Lexicographical data means just that: data that can appear in a lexicon. What we’re dealing with here is the linguistic side of words. As the word “word” is already very loaded, we use the linguistic term Lexeme – a Lexeme is an entry in a dictionary. Lexemes are a little different from other entities in Wikidata and thus have a namespace of their own. Their entity numbers don’t start with a Q — they start with an L. At https://www.wikidata.org/wiki/Lexeme:L1 you can find the first Lexeme in Wikidata, the Sumerian word for “mother”. As Sumerian is one of the oldest languages we know, and the word for mother is one of the most basic words in any language, this may very well be one of the earliest utterances in human history.
Every Lexeme has Senses, which tell you what a word means in various languages. It also has Forms which describe how the Lexeme can change grammatically — just think of the 15 cases a noun can be used with in the Finnish language. Every Lexeme is for an entry in just one language. English “apple” and the French “pomme” are different Lexemes (L3257 and L15282). As Wikidata is a linked database, it can even link to an Item with a Q-ID that represents the concept of that Lexeme. You can learn more about the data model for Lexemes on the documentation page. Some Lexemes in some languages can take many Forms. To help you with entering them, there is help: Wikidata Lexeme Forms is a tool to create a Lexeme with a set of Forms, e. g. the declensions of a noun or the conjugations of a verb.If you want to add Senses (i.e. explanations what a word really means) to Lexemes, there is also a handy tool: Wikidata Senses shows the list of languages and number of Senses that are missing, then after selecting a language, shows a random Lexeme that needs a Sense so you can create it. Try it while waiting for your bus at a bus stop. It’s a quick way to contribute to Free Knowledge! Of course, you can also query lexicographical data. An interesting example is this query by Finn Årup Nielsen to query for persons with a surname that matches the past participle form of a Danish verb.
The Awful German Language”: “Every noun has a gender, and there is no sense or system in distribution; so the gender of each must be learned separately and by heart. There is no other way. To do this one has to have a memory like a memorandum-book. In German, a young lady has no sex, while a turnip has. Think what overwrought reverence that shows for the turnip, and what callous disrespect for the girl.”

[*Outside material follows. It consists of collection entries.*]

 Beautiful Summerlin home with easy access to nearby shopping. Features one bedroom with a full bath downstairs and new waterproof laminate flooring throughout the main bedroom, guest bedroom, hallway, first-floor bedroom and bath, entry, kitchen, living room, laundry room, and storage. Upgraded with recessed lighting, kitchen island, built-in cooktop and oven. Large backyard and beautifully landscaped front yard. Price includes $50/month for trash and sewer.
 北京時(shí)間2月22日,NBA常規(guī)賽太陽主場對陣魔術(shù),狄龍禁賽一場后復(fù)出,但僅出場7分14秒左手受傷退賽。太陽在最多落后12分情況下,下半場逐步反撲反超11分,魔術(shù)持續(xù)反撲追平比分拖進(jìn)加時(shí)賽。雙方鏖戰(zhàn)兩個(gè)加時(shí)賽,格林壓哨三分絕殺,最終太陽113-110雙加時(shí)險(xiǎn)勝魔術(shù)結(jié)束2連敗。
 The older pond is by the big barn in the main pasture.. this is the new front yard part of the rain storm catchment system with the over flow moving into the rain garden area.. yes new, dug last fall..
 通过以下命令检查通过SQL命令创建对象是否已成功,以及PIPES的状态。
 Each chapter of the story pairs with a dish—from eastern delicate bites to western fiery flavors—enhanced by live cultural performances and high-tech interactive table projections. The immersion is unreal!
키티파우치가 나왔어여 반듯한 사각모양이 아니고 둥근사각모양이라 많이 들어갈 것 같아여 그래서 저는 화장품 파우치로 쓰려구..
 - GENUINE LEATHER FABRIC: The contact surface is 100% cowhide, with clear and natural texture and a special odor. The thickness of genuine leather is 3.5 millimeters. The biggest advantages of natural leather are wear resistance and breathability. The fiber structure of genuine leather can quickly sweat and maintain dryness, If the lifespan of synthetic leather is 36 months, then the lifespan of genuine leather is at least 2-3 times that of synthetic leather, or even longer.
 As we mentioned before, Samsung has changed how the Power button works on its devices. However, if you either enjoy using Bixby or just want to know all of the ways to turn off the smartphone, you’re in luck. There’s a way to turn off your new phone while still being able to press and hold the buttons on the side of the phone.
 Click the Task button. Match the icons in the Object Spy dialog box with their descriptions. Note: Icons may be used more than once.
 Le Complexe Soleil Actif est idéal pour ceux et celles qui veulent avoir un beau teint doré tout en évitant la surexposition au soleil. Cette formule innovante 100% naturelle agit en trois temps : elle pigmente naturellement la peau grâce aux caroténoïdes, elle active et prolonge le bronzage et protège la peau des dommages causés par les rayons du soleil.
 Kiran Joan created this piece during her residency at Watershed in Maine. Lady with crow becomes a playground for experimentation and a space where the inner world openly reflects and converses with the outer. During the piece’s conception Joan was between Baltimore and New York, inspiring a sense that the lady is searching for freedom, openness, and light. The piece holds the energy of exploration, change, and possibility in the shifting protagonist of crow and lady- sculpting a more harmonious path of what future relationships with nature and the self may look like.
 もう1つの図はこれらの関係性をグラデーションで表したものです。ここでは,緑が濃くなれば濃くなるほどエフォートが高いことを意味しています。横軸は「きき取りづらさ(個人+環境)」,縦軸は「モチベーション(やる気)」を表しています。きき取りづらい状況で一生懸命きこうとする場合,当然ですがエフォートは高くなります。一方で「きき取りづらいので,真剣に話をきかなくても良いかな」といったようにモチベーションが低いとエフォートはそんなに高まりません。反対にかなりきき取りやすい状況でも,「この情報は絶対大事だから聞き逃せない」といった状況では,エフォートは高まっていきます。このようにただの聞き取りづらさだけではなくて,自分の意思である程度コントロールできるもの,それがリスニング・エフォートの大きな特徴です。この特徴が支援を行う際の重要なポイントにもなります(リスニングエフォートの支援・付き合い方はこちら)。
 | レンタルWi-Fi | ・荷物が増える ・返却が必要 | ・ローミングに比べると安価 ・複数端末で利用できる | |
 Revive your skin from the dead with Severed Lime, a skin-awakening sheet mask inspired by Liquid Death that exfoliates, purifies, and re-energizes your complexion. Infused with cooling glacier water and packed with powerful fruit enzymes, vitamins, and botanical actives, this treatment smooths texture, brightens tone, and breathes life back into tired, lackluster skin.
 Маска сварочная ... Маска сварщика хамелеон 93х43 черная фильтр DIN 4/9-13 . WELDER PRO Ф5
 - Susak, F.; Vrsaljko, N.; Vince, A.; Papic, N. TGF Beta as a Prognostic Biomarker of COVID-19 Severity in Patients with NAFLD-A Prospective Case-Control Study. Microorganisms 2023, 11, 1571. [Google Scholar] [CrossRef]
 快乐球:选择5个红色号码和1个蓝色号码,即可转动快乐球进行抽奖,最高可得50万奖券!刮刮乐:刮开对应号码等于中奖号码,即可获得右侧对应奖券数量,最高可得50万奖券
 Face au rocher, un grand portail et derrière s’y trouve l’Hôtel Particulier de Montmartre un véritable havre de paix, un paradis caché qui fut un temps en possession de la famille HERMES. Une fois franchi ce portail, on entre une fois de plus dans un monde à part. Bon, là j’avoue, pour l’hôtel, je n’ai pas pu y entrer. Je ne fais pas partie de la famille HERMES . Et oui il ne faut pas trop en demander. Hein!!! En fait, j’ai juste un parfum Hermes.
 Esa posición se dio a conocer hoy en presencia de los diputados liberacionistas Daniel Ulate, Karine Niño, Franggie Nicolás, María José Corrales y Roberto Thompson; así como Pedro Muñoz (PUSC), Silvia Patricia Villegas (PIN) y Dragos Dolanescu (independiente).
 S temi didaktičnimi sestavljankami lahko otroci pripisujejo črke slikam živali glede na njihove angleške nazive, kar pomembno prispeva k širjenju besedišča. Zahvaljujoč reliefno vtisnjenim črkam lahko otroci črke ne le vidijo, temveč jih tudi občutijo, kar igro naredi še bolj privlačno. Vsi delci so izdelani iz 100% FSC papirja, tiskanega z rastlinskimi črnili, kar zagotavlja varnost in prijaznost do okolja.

Fortunately, there is a game that uses lexicographical data from Wikidata to help you with the memorizing: DerDieDas. Can you make it through 10 randomly selected German nouns with guessing the correct article? For those who already speak German, there is also a French version and a Danish version.
As of March 2019, Wikidata has 43440 Lexemes in 315 different languages, dialects or scripts (14762 Lexemes in English, 10334 in French, 3039 in Swedish, 2651 in Nynorsk, 2095 in Polish, and 2027 in German — see the full list). While this is already a good start, it is clearly just the beginning. Start exploring lexicographical data on Wikidata and help build a new repository of Free Knowledge for language!
[This article was first published on the WMDE blog on March 25, 2019 and has been slightly shortened for this report.]
Other accomplishments included:
- Constraint Checks: The improved Constraint Reports were activated for all logged-in users, in order to make erroneous statements more visible. We added additional types of constraint checks and a large percentage of constraint violations can be found using the query service. The continuous work here is increasing trust in the data quality of Wikidata. In order to strengthen this effect, we published a blog post explaining constraint checks and other useful tools for Wikipedians (see story below).
- Watchlist integration improvements: Earlier in the year, we improved how Wikipedia watchlists track changes in Wikidata. Complaints had been that watchlists included too much useless information on these changes. While the improvements were appreciated by community members and reduced watchlist entries substantially, there are still changes necessary, however these need to largely be made at the level of local templates.
- Wikimedia Commons preview: We added a preview of pictures that refer to Commons, in the form of a statement linking to files on Commons.
- Mobile term box: We developed a prototype of a mobile term box. This is a first step towards enabling editors to contribute more easily to Wikidata on mobile devices.
- Better suggestions: A new beta feature was released, improving the suggestions for entities. After enabling suggestions based on constraint value for the constraint section of a property a few months ago in August, we wanted to take these possibilities to a new level.
- Wikidata Train-the-Trainer: We ran our first pilot program for further training Wikidata trainers. We facilitated a total of three 3-day workshops in three different cities (Berlin, Cologne, Vienna) and trained a total of 18 people in possibly running Wikidata workshops.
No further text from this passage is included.